A medieval tower house which once stood on the site was, in 1415, held by Sir John Heron. This was destroyed by a Scottish army in 1496 commanded by James IV of Scotland and Perkin Warbeck. James IV returned on 24 August 1513 on his way to besiege Norham Castle, and held a council or parliament at "Twesil" or "Twesilhaugh."

The estate was sold by the Herons circa 1520 to a member of the Selby family. A survey in 1561 reported only the remnants of a tower house and a barmkin. John Selby seems to have repaired the buildings, and an inventory was made of the furnishings on his death in 1595 mentioning a new chamber, a gallery, and chambers in the tower. Of the medieval structure, blocked windows, a chamfered doorway and the original north-east angle quoins are all that remains visible now.
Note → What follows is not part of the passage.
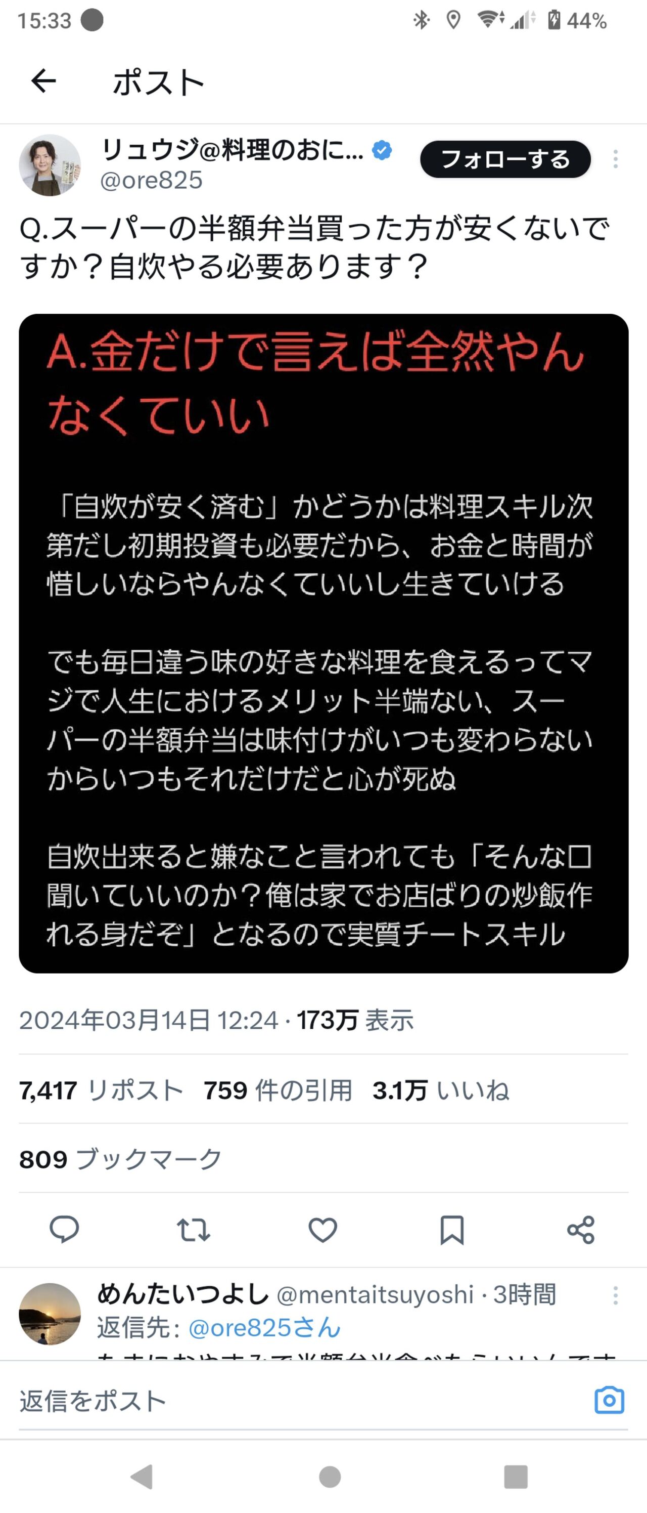 リュウジ氏は「スーパーの半額弁当買った方が安くないですか? 自炊やる必要あります? 」という質問に、「金だけで言えば全然やんなくていい」と回答した。

In 1685 Sir Francis Blake (d. 1718) purchased the estate from the widow Selby for £1,944, plus an annuity of £100, and the Blake family lived on the estate until 1738 when they moved to nearby Tillmouth Hall.

From about 1770, Sir Francis Blake (d. 1780) worked on the recreation of the castle as a Gothic Revival mansion, designed by architect James Nesbit of Kelso to be five levels tall. Despite some forty years of work, the project was never completed. When in 1882, the Blakes built a new mansion at Tillmouth Park much of the incomplete Twizell Castle was demolished and the stone used in the new construction or sold. The house is now a two-storey folly. Rectangular in plan, with circular towers on the angles and two wings on the north side, the basement rooms in the main block are stone and brick-vaulted as a precaution against fire.

The property is in poor order and is officially listed as of 2008 on the English Heritage Heritage at Risk Register.